> TASK DIRECTIONS:
Exact copies of all the lines below are required, with the pictures omitted.
● ● ●
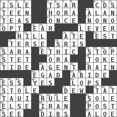 ACROSS 1. Small island 5. Russian ruler of old 9. Music discs 12. Adolescent 13. Israeli folk dance 14. Actor Alda or Thicke 15. Beverages made from leaves 16. Single time 17. Words to Nanette 18. Elect 19. Hearing organ 21. Crowbar 22. Land elevation 24. Had dinner 26. Eastern Standard Time (abbr.) 27. Laconic 28. Indian titles of respect 29. "Two Mules for Sister ____" 30. Value system 32. Discontinue 36. Proofreading order 37. Mouth or opening 38. Casino tip 39. Event that recurs at intervals 40. Rep 42. Water falling in drops from the sky 43. Mild oath 44. Remain 46. Double-curved letter 49. It is so 50. Chops off 51. Took without asking 53. Morning condensation 54. Make lace 57. "Change" in Tahitian 58. Governing power 61. Not divided or shared with others 62. Otherwise 63. SW Asia republic 64. Mail 65. Perceive with the eye 66. Claim 67. Medicinal plant DOWN 1. "Tell ____ the Marines!" 2. Ooze 3. Resembling or made to resemble leather 4. Followers of ems 5. Son of Odin 6. Male offspring 7. Curve 8. Actress Charlotte 9. Garlic unit 10. Natives or inhabitants of Denmark 11. Derisive sound 14. A saturated hydrocarbon 19. Raised railways 20. Toward shelter 21. French article 23. Feeling or showing extreme anger 24. Believer in; advocate of (suffix) 25. Nervous spasm 27. Jacques of French films 28. Tear up 29. Fast jet (abbr.) 31. Ancient Roman robes 32. Long narrow piece of something 33. Inedible or poisonous agaric 34. Migrant worker of the '30s 35. Writing instrument 40. Grow older 41. Lie 43. Sight organ 45. Ribbon knot 46. _____ Park, CO 47. Lacking originality or spontaneity 48. Boozer 52. Falsehood 53. Habitations of wild animals 55. In addition 56. Wig 58. To free from 59. RI univ. 60. Experiment locale 61. Health resort
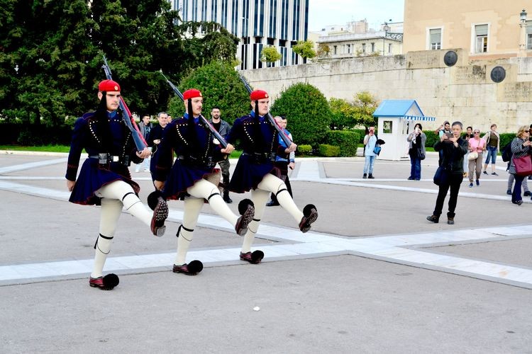 无名战士纪念碑前站岗的卫兵,身穿传统军礼服,脚蹬红色的翘头皮鞋,鞋头黑色的绒球很显眼。
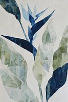 gestileerde botanische compositie waarin abstractie en natuur vloeiend in elkaar overlopen. De voorstelling toont verschillende bladeren en een centrale bloemvorm die doet denken aan een paradijsvogelbloem. De vormen zijn opgebouwd uit geometrische vlakken met zichtbare penseelstreken in een subtiel kleurverloop van groentinten tot…
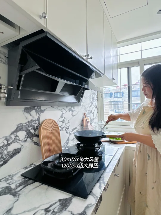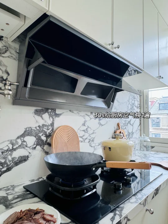 不到30秒给厨房换气1次,相当于买了台新风油烟机,油烟一冒头立马就被吸走了,开放式厨房再也不担心油烟
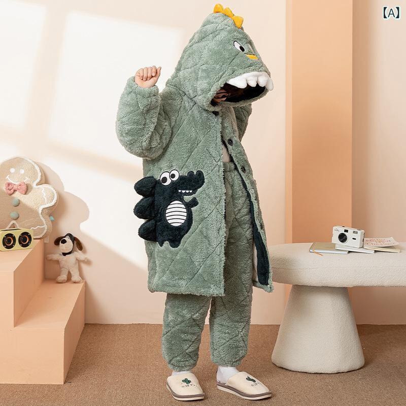 子供用パジャマ 男の子 女の子 冬用 厚手 三層 珊瑚フリース フランネル 部屋着 上下セット あったか ゆったり かわいい 140cm以上
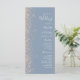 Das links Highlight dieses eleganten, modernen Hochzeitsprogramms ist das Glitzer-Design eines Pfirsichs-Imitats. Der anpassbare Text kombiniert weiße Handschrift, Copperplate und kursiv Schriftart auf einem staubblauen Hintergrund.
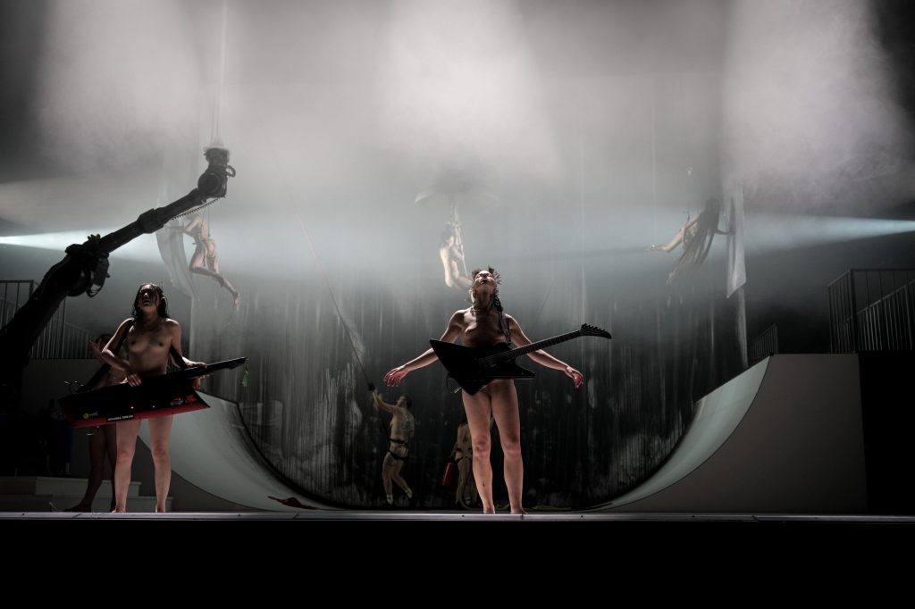 Ein riesiges rotleuchtendes Kreuz kracht auf die Bühne. Darauf kopuliert jetzt das nackte Paar. Susanna reißt sich die Kleider vom Leib. „Ich darf Euch nun die Schwestern meines Ordens vorstellen“, verkündet sie. Bevor sie sich völlig entkleiden, agieren etliche Tänzerinnen mit Reststücken ihrer Nonnenroben. Die Hindemithklänge gehen in Rockmusik über. Ohrenbetäubendes Geschrei. Irrsinnige E-Gitarrenriffs einer Rollschuhfahrerin. Andere rasen mit ihren Rollerblades in der Half Pipe auf der Bühne. Eine riesige Glocke senkt sich herab, eine Tänzerin wird zum Klöppel und läutet die Ektase ein.
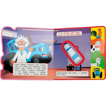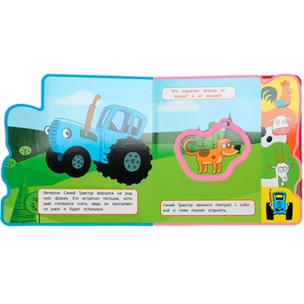 Книжка с закладками расскажет ребенку о приключениях Синего трактора.
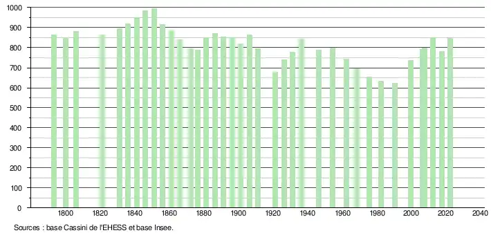 L'évolution du nombre d'habitants est connue à travers les recensements de la population effectués dans la commune depuis 1793. Pour les communes de moins de 10 000 habitants, une enquête de recensement portant sur toute la population est réalisée tous les cinq ans, les populations de référence des années intermédiaires étant quant à elles estimées par interpolation ou extrapolation[39]. Pour la commune, le premier recensement exhaustif entrant dans le cadre du nouveau dispositif a été réalisé en 2007[40].
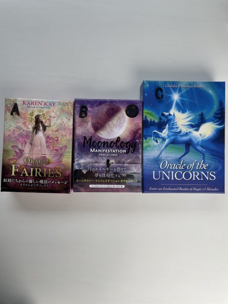 本日は、「見た時がタイミング!3択ワンオラクルリーディング!!今のあなた様に必要なメッセージ」です。左からABCのお好きなオラクルカードの箱をお選びください♪
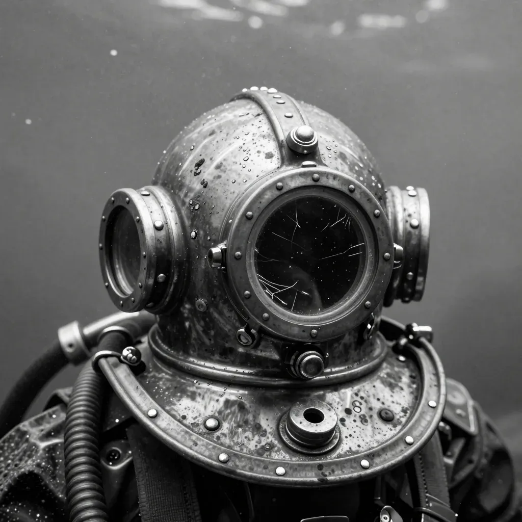 A close-up of a deep-sea diver's helmet, showcasing its glossy metal texture and condensation, with soft fogged glass revealing the diver's face. Directional lighting highlights the helmet's contours and water droplets, creating a reflective and textured effect against a blurred ocean background.
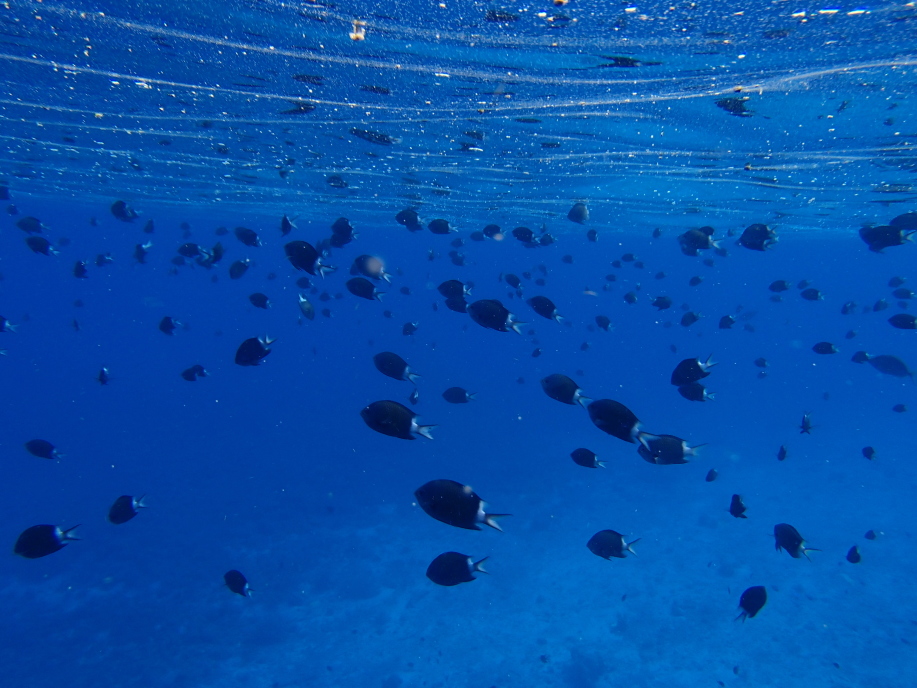 色合いはあまり良く無いんですが、この黒い魚の群れが無限に居ました。
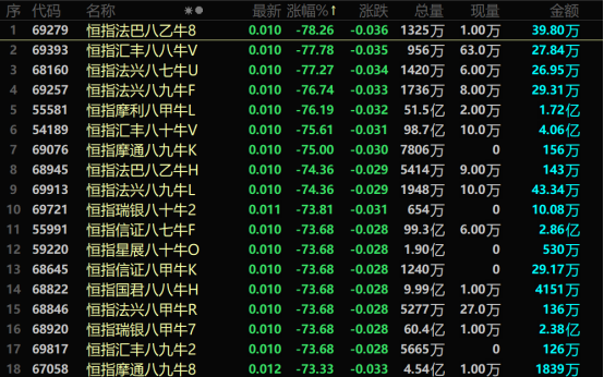 在A股表现尚可的背景之下,港股市场连续两个交易日杀跌。12月9日午后,香港恒生指数跌幅扩大至1%,恒生科技指数跌幅扩大至2%。与此同时,恒指牛证出现大面积巨幅杀跌,恒指法兴八七牛U大跌超77%,成交过百万港元的恒指汇丰八十牛V、恒指摩通八九牛K等跌幅都超过了74%。
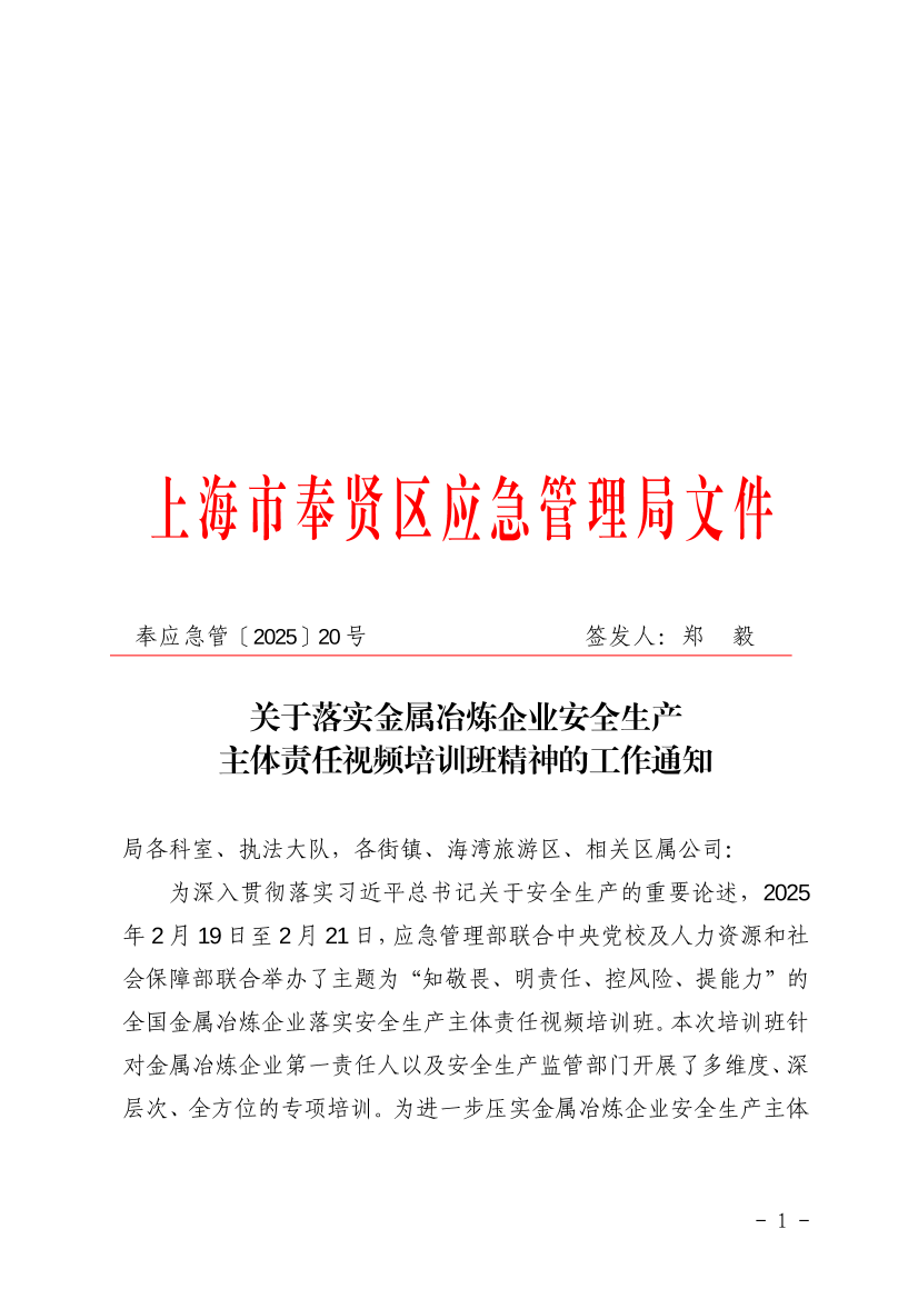 为深入贯彻落实习近平总书记关于安全生产的重要论述,2025年2月19日至2月21日,应急管理部联合中央党校及人力资源和社会保障部联合举办了主题为“知敬畏、明责任、控风险、提能力”的全国金属冶炼企业落实安全生产主体责任视频培训班。本次培训班针对金属冶炼企业第一责任人以及安全生产监管部门开展了多维度、深层次、全方位的专项培训。为进一步压实金属冶炼企业安全生产主体责任,全面加强风险防控意识,提高安全管理能力,现将落实本次培训班精神的有关工作通知如下:
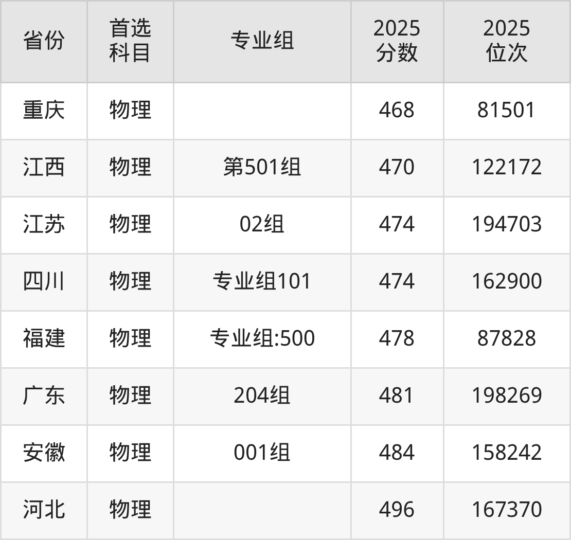 物理类最低分对应地区为黑龙江(第002组),录取位次为70605,超本科线38分;最高分对应地区为河北,录取位次为167370,超本科线37分。
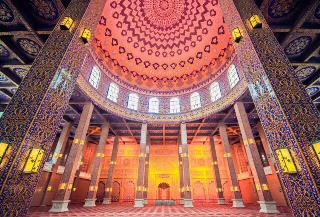走进金顶清真寺的礼仪大殿。目之所及便是高大的礼仪殿,从方柱、墙壁到天花板穹项全是用金边蓝色花纹马赛克镶嵌贴面,用富丽堂皇形容绝不为过!
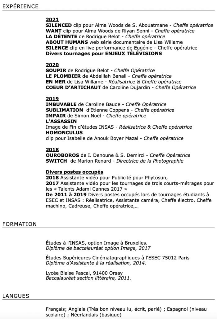 Diplômée de l’ESEC à Paris et de l’INSAS à Bruxelles section Image, j’aspire à devenir cheffe opératrice de fiction sur des longs-métrages. Je suis aussi intéressée par le documentaire, le reportage et la vidéo. J’aime aller à la rencontre de l’autre, découvrir le monde et y présenter ma créativité à travers l’image.
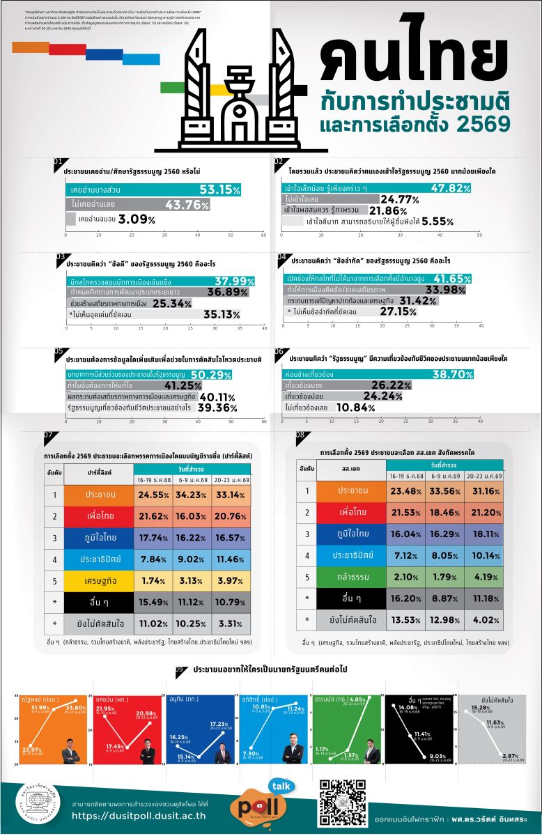 ขณะเดียวกันสวนดุสิตโพล มหาวิทยาลัยสวนดุสิต สำรวจความคิดเห็นประชาชนทั่วประเทศ เรื่อง“คนไทยกับการทำประชามติและการเลือกตั้ง 2569” กลุ่มตัวอย่าง จำนวน 2,269 คน (สำรวจทางออนไลน์และภาคสนาม) ระหว่างวันที่ 20-23 มกราคม 2569 ในประเด็นเกี่ยวกับการทำประชามติ
● ● ●
> EXERCISE ANSWER:
 ACROSS 1. Small island 5. Russian ruler of old 9. Music discs 12. Adolescent 13. Israeli folk dance 14. Actor Alda or Thicke 15. Beverages made from leaves 16. Single time 17. Words to Nanette 18. Elect 19. Hearing organ 21. Crowbar 22. Land elevation 24. Had dinner 26. Eastern Standard Time (abbr.) 27. Laconic 28. Indian titles of respect 29. "Two Mules for Sister ____" 30. Value system 32. Discontinue 36. Proofreading order 37. Mouth or opening 38. Casino tip 39. Event that recurs at intervals 40. Rep 42. Water falling in drops from the sky 43. Mild oath 44. Remain 46. Double-curved letter 49. It is so 50. Chops off 51. Took without asking 53. Morning condensation 54. Make lace 57. "Change" in Tahitian 58. Governing power 61. Not divided or shared with others 62. Otherwise 63. SW Asia republic 64. Mail 65. Perceive with the eye 66. Claim 67. Medicinal plant DOWN 1. "Tell ____ the Marines!" 2. Ooze 3. Resembling or made to resemble leather 4. Followers of ems 5. Son of Odin 6. Male offspring 7. Curve 8. Actress Charlotte 9. Garlic unit 10. Natives or inhabitants of Denmark 11. Derisive sound 14. A saturated hydrocarbon 19. Raised railways 20. Toward shelter 21. French article 23. Feeling or showing extreme anger 24. Believer in; advocate of (suffix) 25. Nervous spasm 27. Jacques of French films 28. Tear up 29. Fast jet (abbr.) 31. Ancient Roman robes 32. Long narrow piece of something 33. Inedible or poisonous agaric 34. Migrant worker of the '30s 35. Writing instrument 40. Grow older 41. Lie 43. Sight organ 45. Ribbon knot 46. _____ Park, CO 47. Lacking originality or spontaneity 48. Boozer 52. Falsehood 53. Habitations of wild animals 55. In addition 56. Wig 58. To free from 59. RI univ. 60. Experiment locale 61. Health resort
 无名战士纪念碑前站岗的卫兵,身穿传统军礼服,脚蹬红色的翘头皮鞋,鞋头黑色的绒球很显眼。
 gestileerde botanische compositie waarin abstractie en natuur vloeiend in elkaar overlopen. De voorstelling toont verschillende bladeren en een centrale bloemvorm die doet denken aan een paradijsvogelbloem. De vormen zijn opgebouwd uit geometrische vlakken met zichtbare penseelstreken in een subtiel kleurverloop van groentinten tot…
 不到30秒给厨房换气1次,相当于买了台新风油烟机,油烟一冒头立马就被吸走了,开放式厨房再也不担心油烟
 子供用パジャマ 男の子 女の子 冬用 厚手 三層 珊瑚フリース フランネル 部屋着 上下セット あったか ゆったり かわいい 140cm以上
 Das links Highlight dieses eleganten, modernen Hochzeitsprogramms ist das Glitzer-Design eines Pfirsichs-Imitats. Der anpassbare Text kombiniert weiße Handschrift, Copperplate und kursiv Schriftart auf einem staubblauen Hintergrund.
 Ein riesiges rotleuchtendes Kreuz kracht auf die Bühne. Darauf kopuliert jetzt das nackte Paar. Susanna reißt sich die Kleider vom Leib. „Ich darf Euch nun die Schwestern meines Ordens vorstellen“, verkündet sie. Bevor sie sich völlig entkleiden, agieren etliche Tänzerinnen mit Reststücken ihrer Nonnenroben. Die Hindemithklänge gehen in Rockmusik über. Ohrenbetäubendes Geschrei. Irrsinnige E-Gitarrenriffs einer Rollschuhfahrerin. Andere rasen mit ihren Rollerblades in der Half Pipe auf der Bühne. Eine riesige Glocke senkt sich herab, eine Tänzerin wird zum Klöppel und läutet die Ektase ein.
 Книжка с закладками расскажет ребенку о приключениях Синего трактора.
 L'évolution du nombre d'habitants est connue à travers les recensements de la population effectués dans la commune depuis 1793. Pour les communes de moins de 10 000 habitants, une enquête de recensement portant sur toute la population est réalisée tous les cinq ans, les populations de référence des années intermédiaires étant quant à elles estimées par interpolation ou extrapolation[39]. Pour la commune, le premier recensement exhaustif entrant dans le cadre du nouveau dispositif a été réalisé en 2007[40].
 本日は、「見た時がタイミング!3択ワンオラクルリーディング!!今のあなた様に必要なメッセージ」です。左からABCのお好きなオラクルカードの箱をお選びください♪
 A close-up of a deep-sea diver's helmet, showcasing its glossy metal texture and condensation, with soft fogged glass revealing the diver's face. Directional lighting highlights the helmet's contours and water droplets, creating a reflective and textured effect against a blurred ocean background.
 色合いはあまり良く無いんですが、この黒い魚の群れが無限に居ました。
 在A股表现尚可的背景之下,港股市场连续两个交易日杀跌。12月9日午后,香港恒生指数跌幅扩大至1%,恒生科技指数跌幅扩大至2%。与此同时,恒指牛证出现大面积巨幅杀跌,恒指法兴八七牛U大跌超77%,成交过百万港元的恒指汇丰八十牛V、恒指摩通八九牛K等跌幅都超过了74%。
 为深入贯彻落实习近平总书记关于安全生产的重要论述,2025年2月19日至2月21日,应急管理部联合中央党校及人力资源和社会保障部联合举办了主题为“知敬畏、明责任、控风险、提能力”的全国金属冶炼企业落实安全生产主体责任视频培训班。本次培训班针对金属冶炼企业第一责任人以及安全生产监管部门开展了多维度、深层次、全方位的专项培训。为进一步压实金属冶炼企业安全生产主体责任,全面加强风险防控意识,提高安全管理能力,现将落实本次培训班精神的有关工作通知如下:
 物理类最低分对应地区为黑龙江(第002组),录取位次为70605,超本科线38分;最高分对应地区为河北,录取位次为167370,超本科线37分。
走进金顶清真寺的礼仪大殿。目之所及便是高大的礼仪殿,从方柱、墙壁到天花板穹项全是用金边蓝色花纹马赛克镶嵌贴面,用富丽堂皇形容绝不为过!
 Diplômée de l’ESEC à Paris et de l’INSAS à Bruxelles section Image, j’aspire à devenir cheffe opératrice de fiction sur des longs-métrages. Je suis aussi intéressée par le documentaire, le reportage et la vidéo. J’aime aller à la rencontre de l’autre, découvrir le monde et y présenter ma créativité à travers l’image.
 ขณะเดียวกันสวนดุสิตโพล มหาวิทยาลัยสวนดุสิต สำรวจความคิดเห็นประชาชนทั่วประเทศ เรื่อง“คนไทยกับการทำประชามติและการเลือกตั้ง 2569” กลุ่มตัวอย่าง จำนวน 2,269 คน (สำรวจทางออนไลน์และภาคสนาม) ระหว่างวันที่ 20-23 มกราคม 2569 ในประเด็นเกี่ยวกับการทำประชามติ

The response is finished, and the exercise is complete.